*** Opening Provided information ***

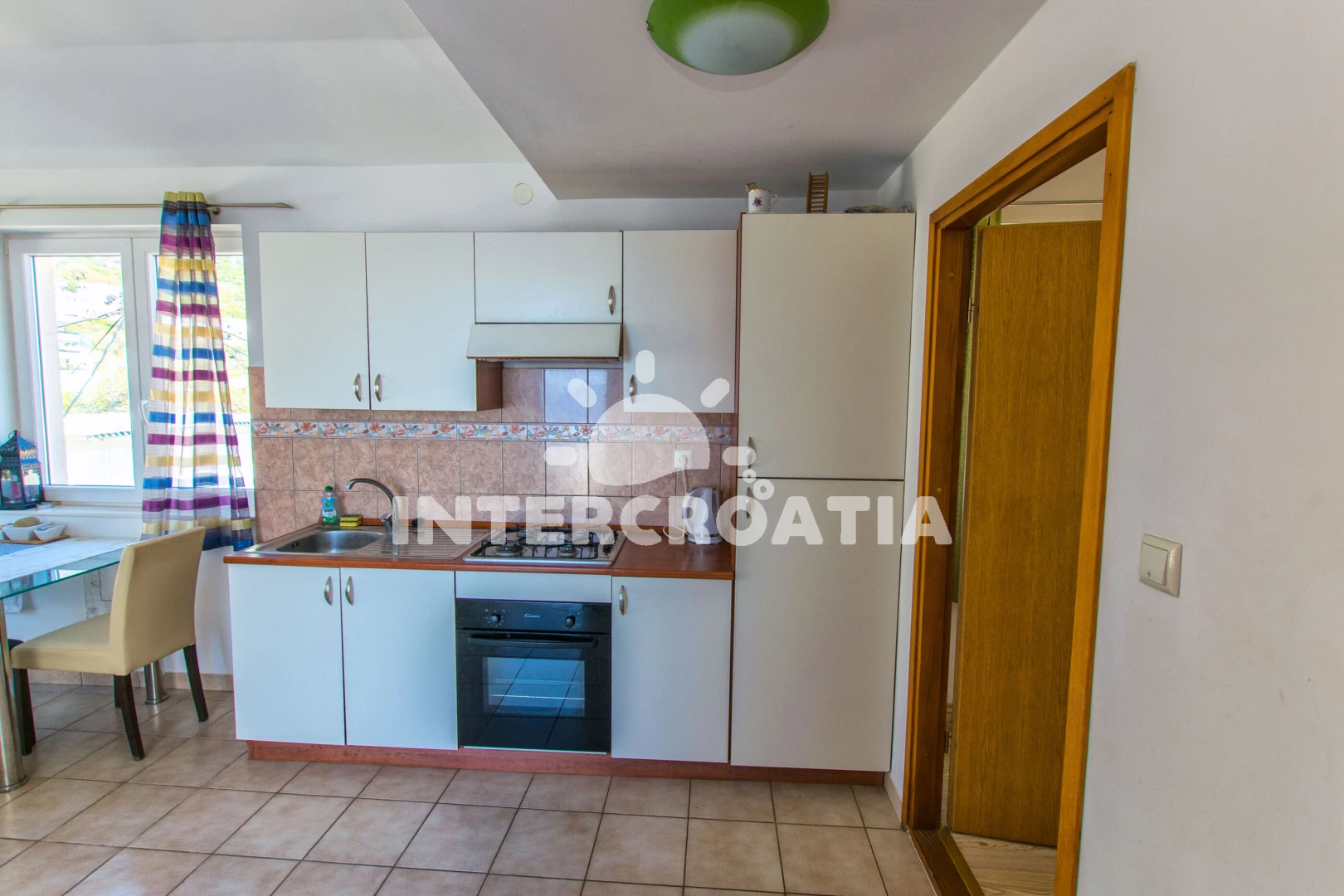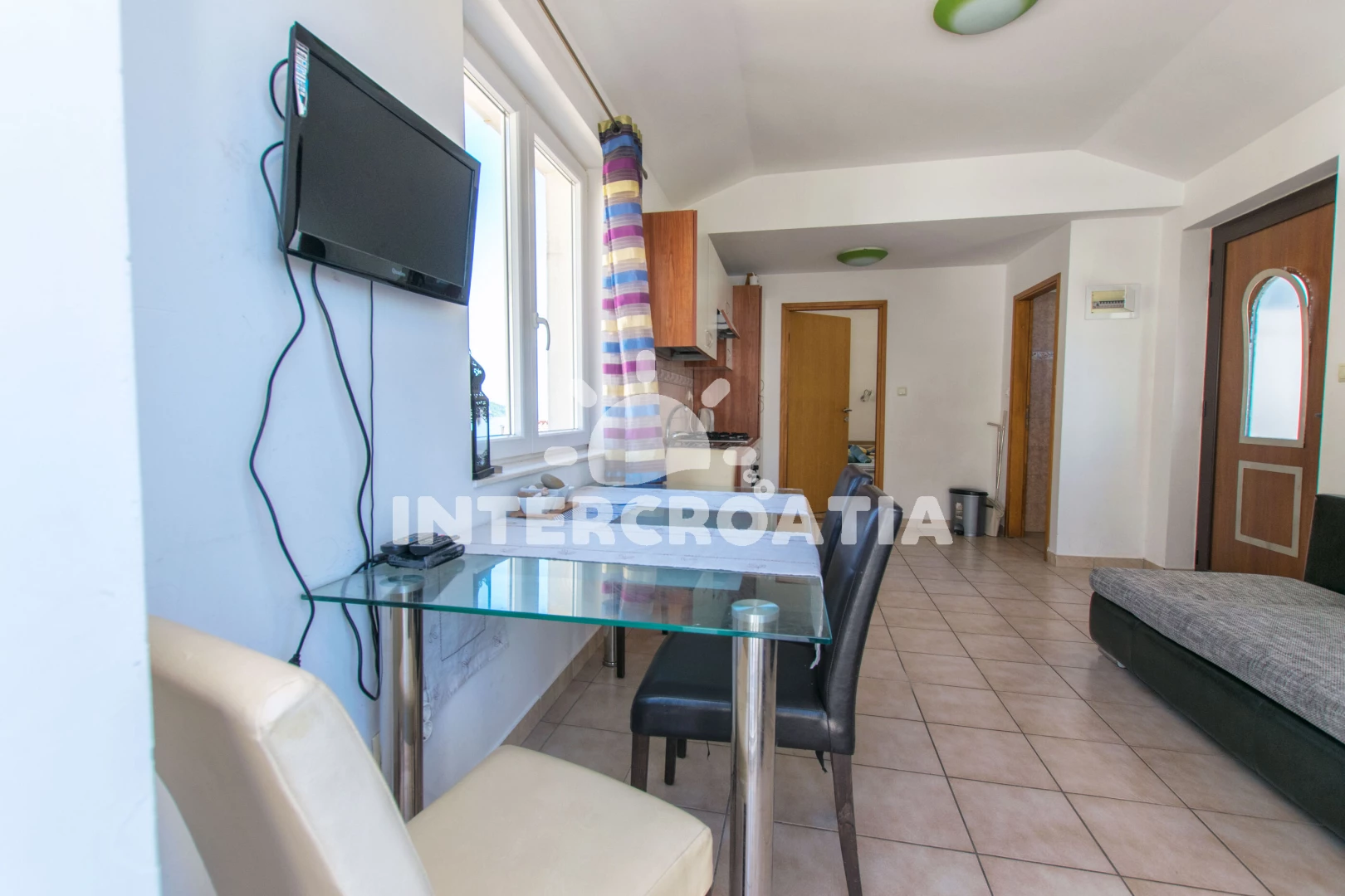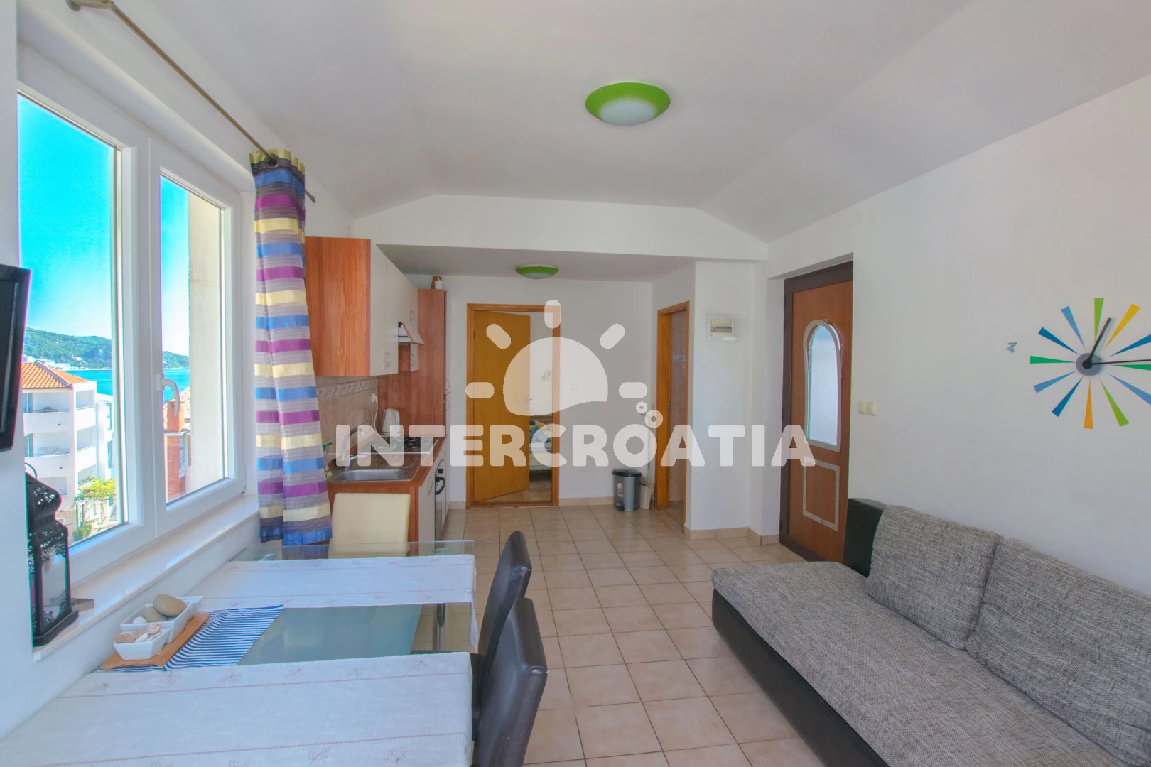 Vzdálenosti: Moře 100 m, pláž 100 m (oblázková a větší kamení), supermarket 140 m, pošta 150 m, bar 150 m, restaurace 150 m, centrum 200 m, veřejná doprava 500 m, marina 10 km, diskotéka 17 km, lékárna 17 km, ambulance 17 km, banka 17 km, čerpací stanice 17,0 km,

*** Closing Provided information ***
*** Opening Provided information ***

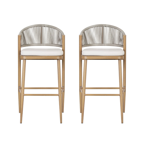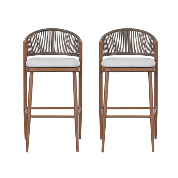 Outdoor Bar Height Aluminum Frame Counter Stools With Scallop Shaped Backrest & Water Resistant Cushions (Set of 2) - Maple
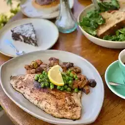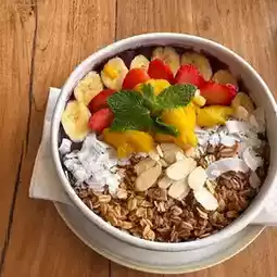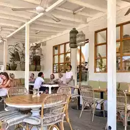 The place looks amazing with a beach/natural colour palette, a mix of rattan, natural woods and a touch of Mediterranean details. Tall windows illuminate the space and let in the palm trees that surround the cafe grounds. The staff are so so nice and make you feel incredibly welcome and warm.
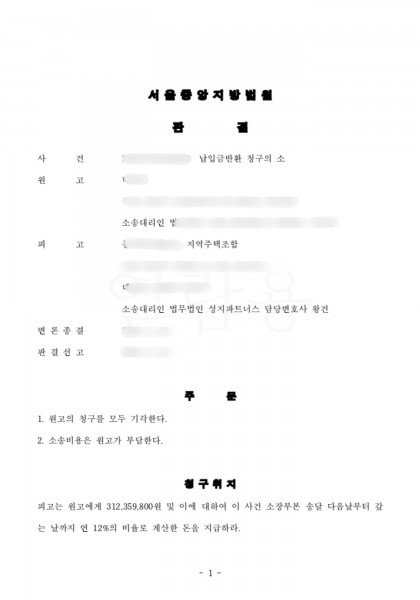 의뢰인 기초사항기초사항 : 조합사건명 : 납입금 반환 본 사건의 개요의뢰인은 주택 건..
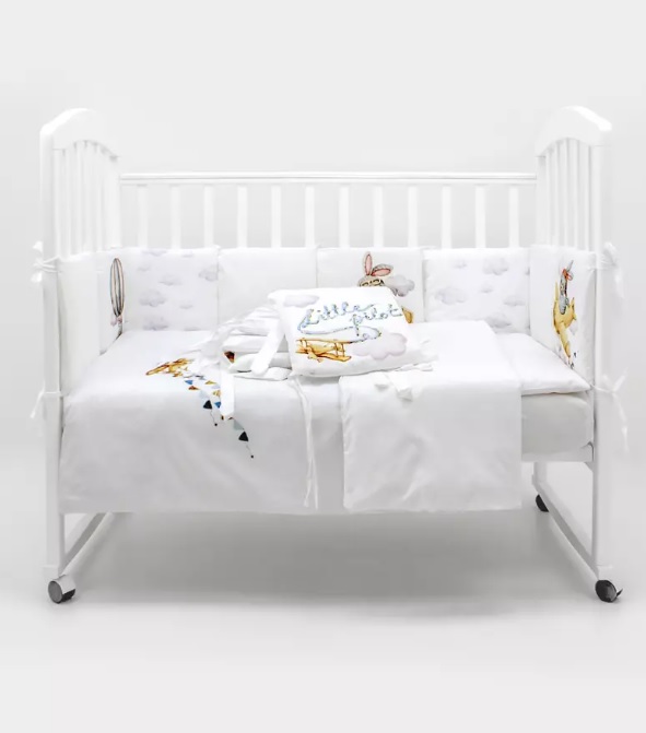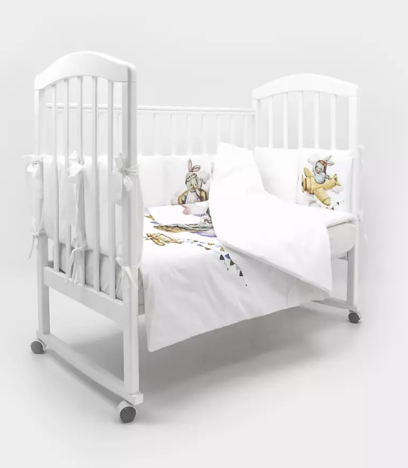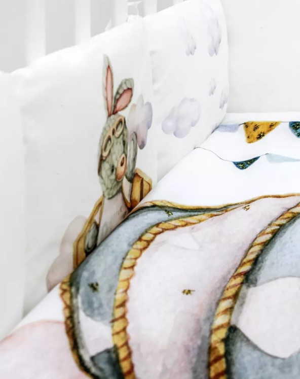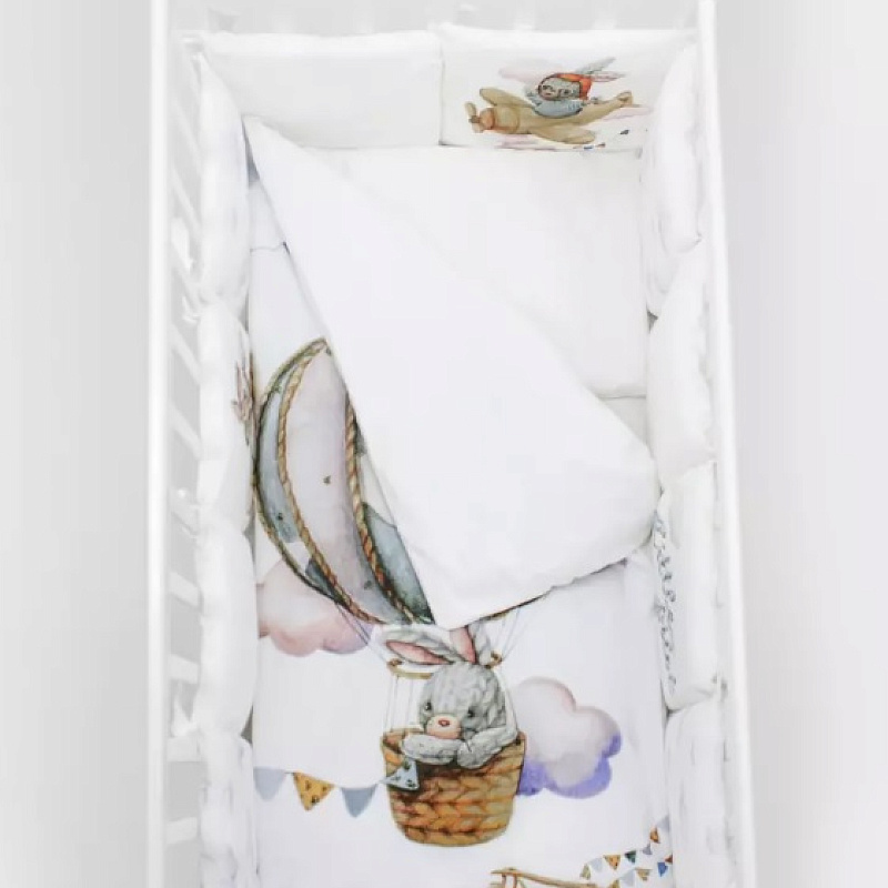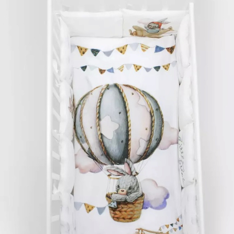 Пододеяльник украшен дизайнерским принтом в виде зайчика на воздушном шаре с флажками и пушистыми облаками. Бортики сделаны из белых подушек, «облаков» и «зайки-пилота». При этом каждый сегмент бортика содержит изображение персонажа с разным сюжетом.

*** Closing Provided information ***

Exercise:
Reproduce exactly, with no pictures, the lines above from the one holding "의뢰인 기초사항기초사항 : 조합사건명" to the one holding "Пододеяльник украшен дизайнерским", inclusive.

Answer below:
 의뢰인 기초사항기초사항 : 조합사건명 : 납입금 반환 본 사건의 개요의뢰인은 주택 건..
 Пододеяльник украшен дизайнерским принтом в виде зайчика на воздушном шаре с флажками и пушистыми облаками. Бортики сделаны из белых подушек, «облаков» и «зайки-пилота». При этом каждый сегмент бортика содержит изображение персонажа с разным сюжетом.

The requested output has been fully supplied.